Information Technology (IT) is tightly integrated with the business; it has transformed the way we do business. Nicholas G. Carr points out his seminal Harvard Business Review article IT Doesn’t Matter that the capital investment in IT is significant; “nearly 50% of capital expenditures by American companies and more than $2 trillion a year globally are spent on IT. …no one would dispute that information technology has become the backbone of commerce. It underpins the operations of individual companies, ties together far-flung supply chains, and, increasingly, links businesses to the customers they serve. Hardly a dollar or euro changes hands anymore without the aid of computer systems”. Technology is the fundamental infrastructure for the modern business.
Carr continues with; “Today, an IT disruption can paralyze a company’s ability to make products, deliver its services, and connect with its customers, not to mention foul its reputation. …even a brief disruption in availability of technology can be devastating.”
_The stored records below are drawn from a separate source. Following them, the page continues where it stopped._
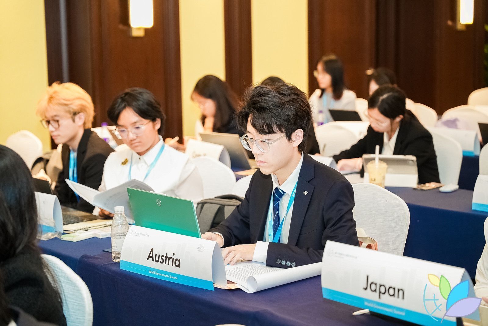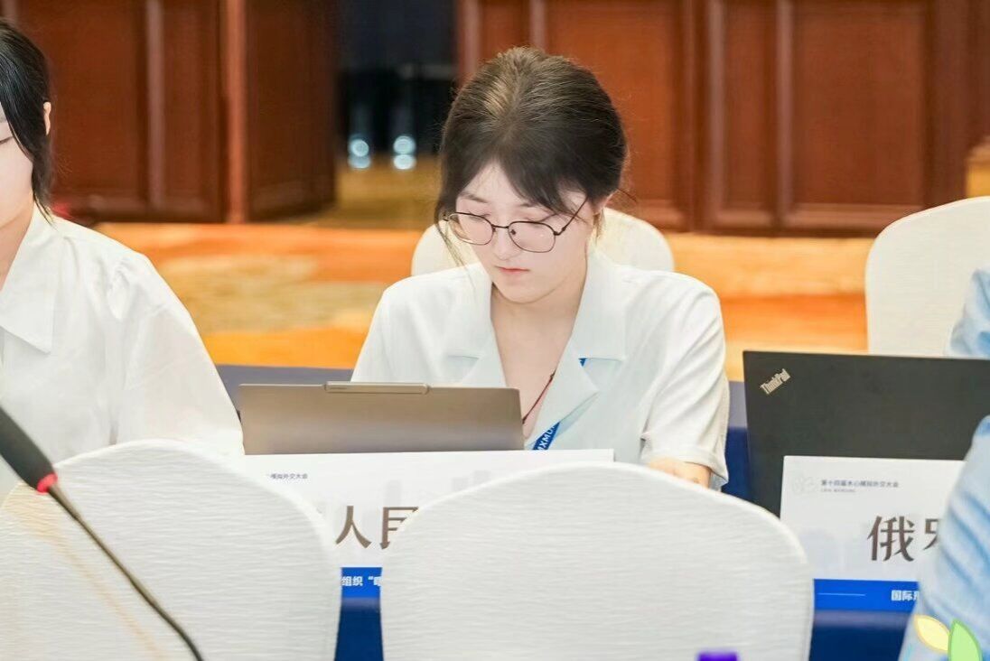 2023级英语专业丁雨暄和2024级英语专业刘沃忱在英文委员会World Governments Summit(世界政府峰会)会场里,分别以奥地利、日本、希腊代表的身份,围绕“以数字正义创设美好社会”议题,努力与其他发达国家达成协作,并与发展中国家开展“南北对话”,为共同推动全球数字技术公平发展与减少数字信息犯罪提供可行性方案。
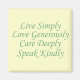 Live Simply, Love Generously, Care Deeply, Speak Kindly. Words to live by every day. Designed to go on a green background
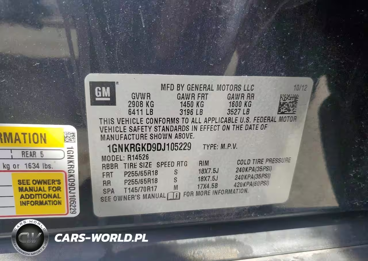 Copart Nr: C-47219236 VIN: 1GNKRGKD9DJ105229 Port: Indianapolis, IN
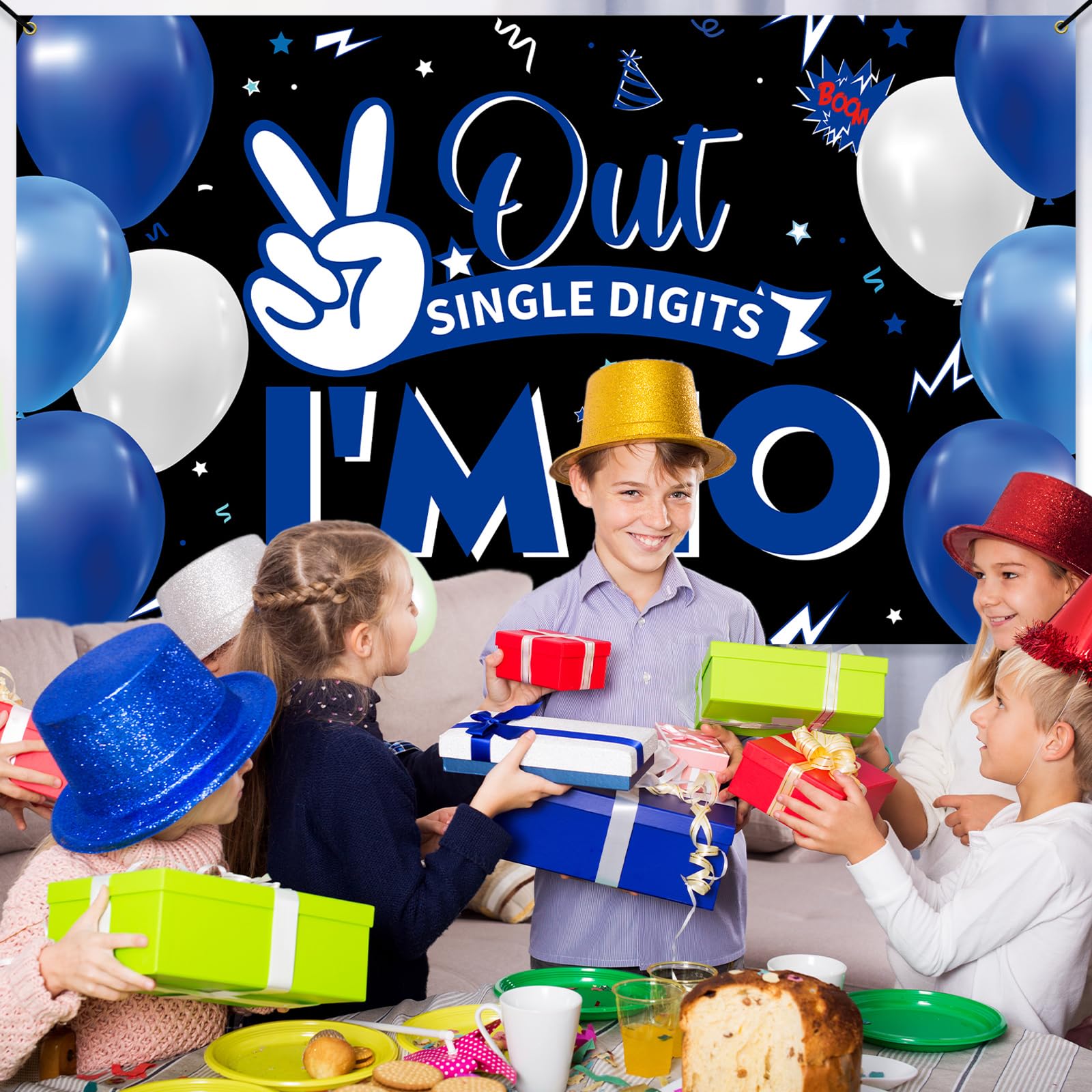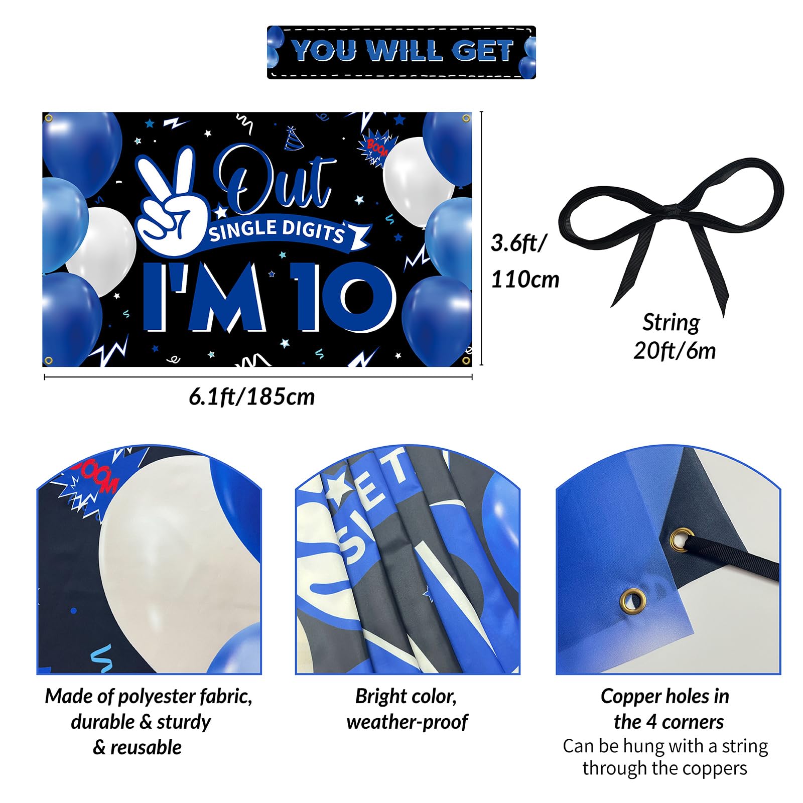 [YOU WILL GET] 1pcs “Out Single Digits, I’m 10” backdrop decorations for 10 birthday. It measures approximately 6.1 feet by 3 feet (185 cm by 90 cm, L*W) and includes a 20-foot string.
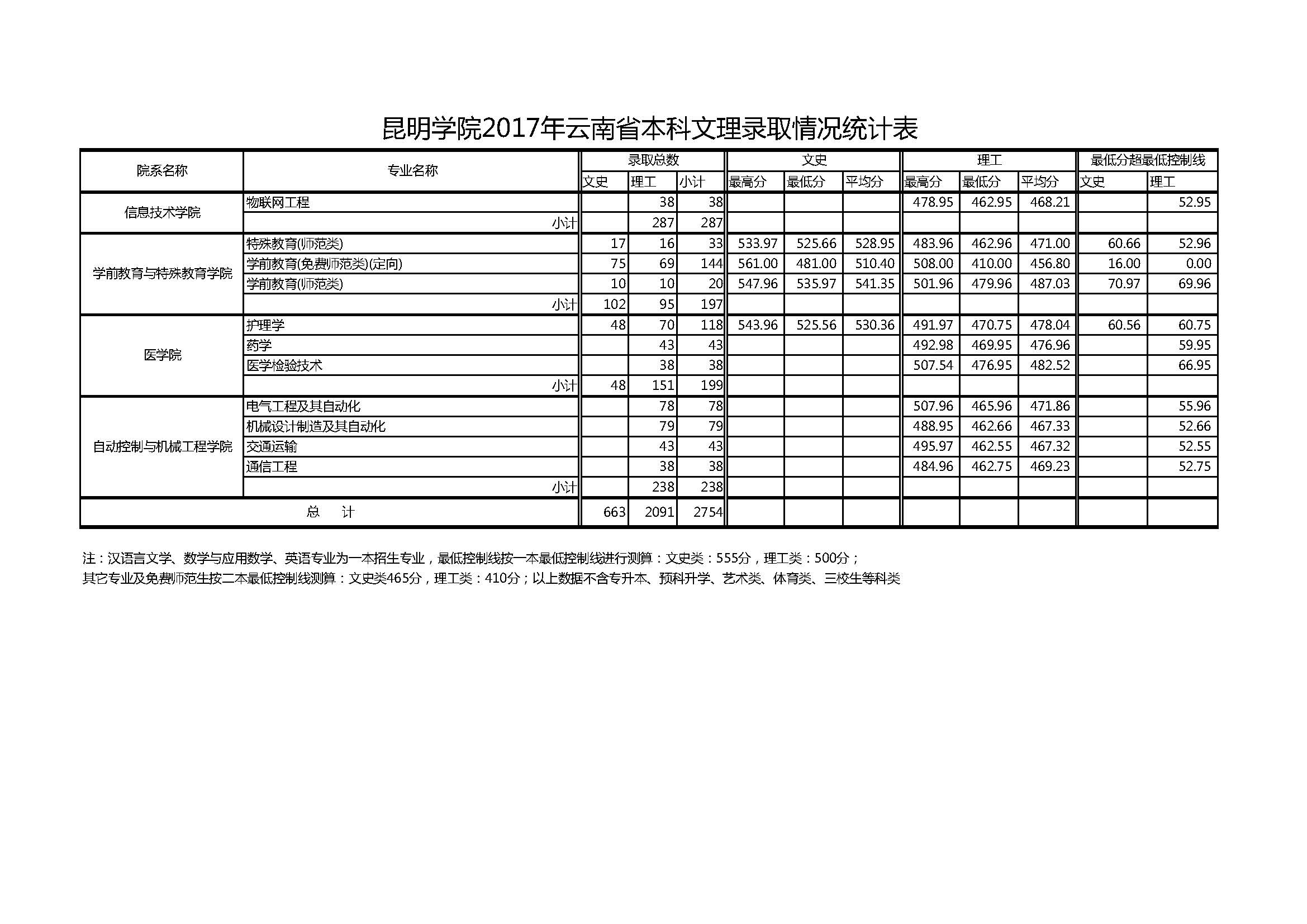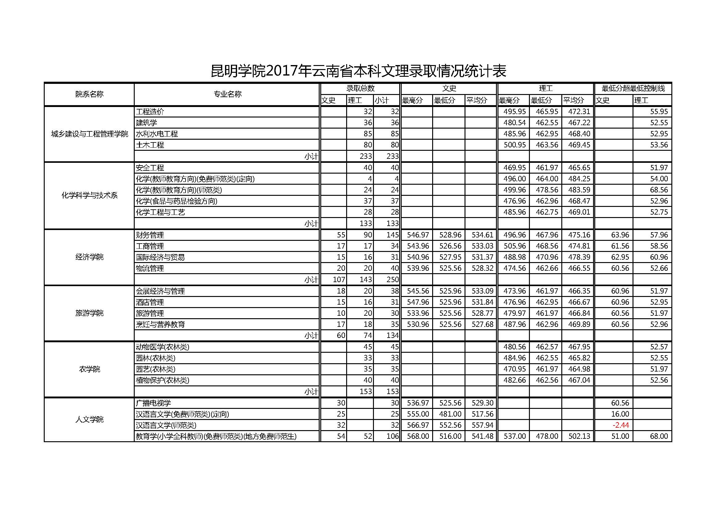 昆明學院2017年云南省本科文理錄取情況統(tǒng)計表
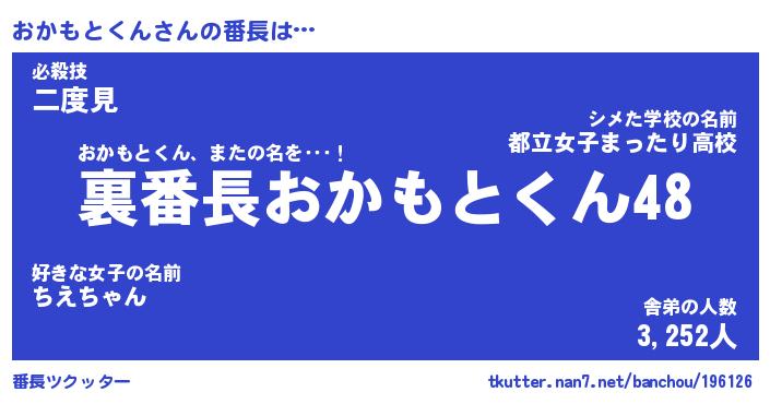 | 2回繰り返すあだ名 | 『おかおか』『おおかか』『ぬれぬれ』 |
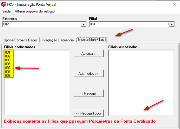 1º Implementação: Na Tela de Importação Ponto Virtual, se marcar o 'Check' 'Importação Multi-Filiais', será habilitada uma aba para selecionar as filiais que deverão ser importadas:
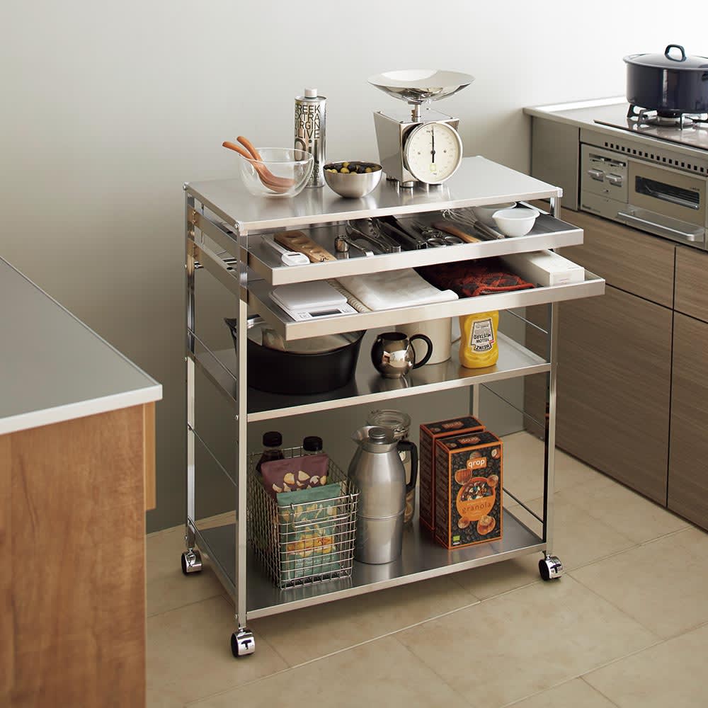 ステンレス作業台ワゴン 引き出し2杯タイプ 幅73.5cm 通販 - ディノス。
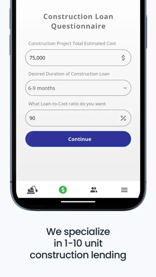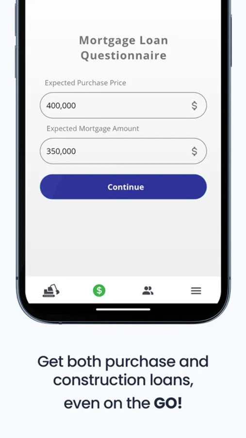 • No hassle – super easy app starting with a simple construction loan questionnaire
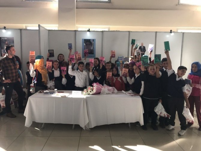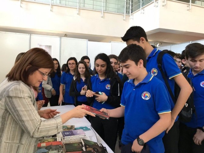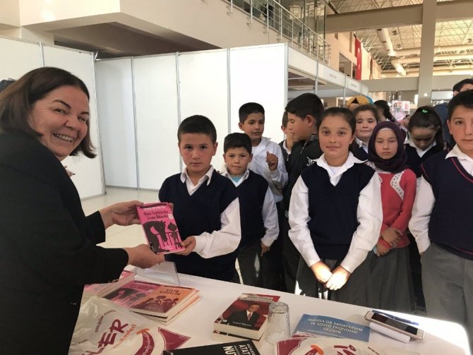 Vakıf Başkan Yardımcısı Reyhan Altıntaş ile gönüllü üye Tuba Görgülü Gökdede ise fuarı gezen öğrencilere kitap hediye etti. Kitapları alan öğrenciler mutlu oldu.
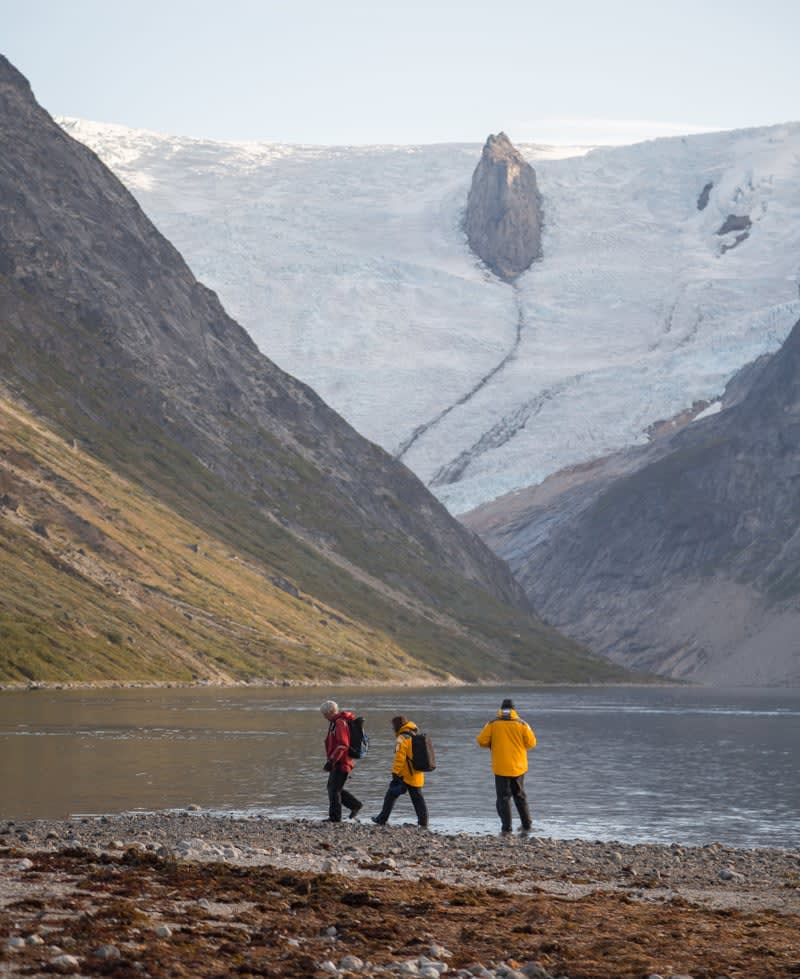 As we approach and arrive in Greenland, the first natural features you’ll see will be the towering steep-walled fjords and hanging glaciers. We’ll explore the uninhabited east coast. This area offers opportunities for wildlife sightings, including the possibility of polar bears and humpback whales. Activities include heli-landings, hiking, paddle excursions, Zodiac cruises, and shore landings in this remote, ice-laden landscape of tumbling glaciers, alpine vistas and wildlife. We set out for the wild fjords of the uninhabited east coast, one of which is Lindenow Fjord, also known by its Greenlandic name, Kangerlussuaq. Thousands of years ago, groups of PaleoInuit hunters and fishermen made their home in these isolated fjords, living off the land and surviving mostly on the resources provided by the sea—long before the arrival of European explorers and successive waves of migration prompted mass settlements. Traces of these early inhabitants can be found today against the backdrop of cascading glaciers and steep–walled mountains. The fjords are where you can observe plenty of wildlife, especially marine mammals. Rare sightings of polar bears are also possible as they drift down from the north on sea ice floes propelled by the East–Greenland current. Humpback whales are often sighted when entering f jords as the shallowing seas bring an upwelling of nutrients to the surface. While we keep our eyes peeled for wildlife, the magnificent alpine terrain invites us to explore by sea, land and air to immerse ourselves completely in the remote icescapes of the region. The wild east is ideal for heli landings, paddle excursions, hiking, Zodiac cruises and shore landings.

Roger Sessions also attempts to quantify the problem in ‘The IT Complexity Crisis: Danger and Opportunity’ in which he calculates that “IT failures are costing businesses $6.18 trillion per year worldwide. …The cost of IT failure is paid year after year, with no end in sight. … If this trend continues, within another five years or so a total IT meltdown may be unavoidable”.
To substantiate Roger Sessions’ calculation, Gene Kim (the founder and former CTO of Tripwire, Inc.) and his colleague, Mike Orzen (“Lean IT”) reexamined Session’s numbers and they calculated that “the global impact of IT failure as being $3 trillion annually”. Relative to the IT-infrastructure alone, a 2010 study by the Ponemon Institute estimates a whopping 2.84 million hours of annual data center downtime worldwide; with an estimated average of $300k per hour of outage that would translate into a total loss of $426 billion a year.
So $6 trillion, $3 trillion or even a mere $426 billion annually, the losses due to IT-failure are huge, they are real and we don’t have to wait for a pandemic, catastrophe or “Black Swan’ event to strike. While the numbers are based on a large number of calculations and extrapolations, the crucial point is that these losses demonstrate the staggering impact IT-failures have on business. It is also important to note that these losses do not represent “potential for loss” or even the “expected loss”; these actual realized losses from IT-failures and they are happening now.\
The sheer size of the losses from IT-failures should serve as a wake-up for anyone that either our target or our aim is considerably off. We absolutely must start thinking differently, not only about where we are devoting our efforts but also about where we place our emphasis. In these difficult economic times, a lot of economic goodness can come from addressing the real and serious risks related to information technology. Understanding how to prevent the continuing spiral of IT-failures will have substantial benefits for our companies.
Clearly, IT is ‘too big to fail’ but it appears that to date most organizations have been merely guessing at the solutions. We need to change our thinking to avoid the value-traps that bias our judgment on how to invest wisely in IT. In the words of Nicholas G. Carr’s New Rules for IT Management; we need to avoid the real risks and prepare our organizations for “technical glitches, outages, and security breaches, shifting attention from opportunities to vulnerabilities”.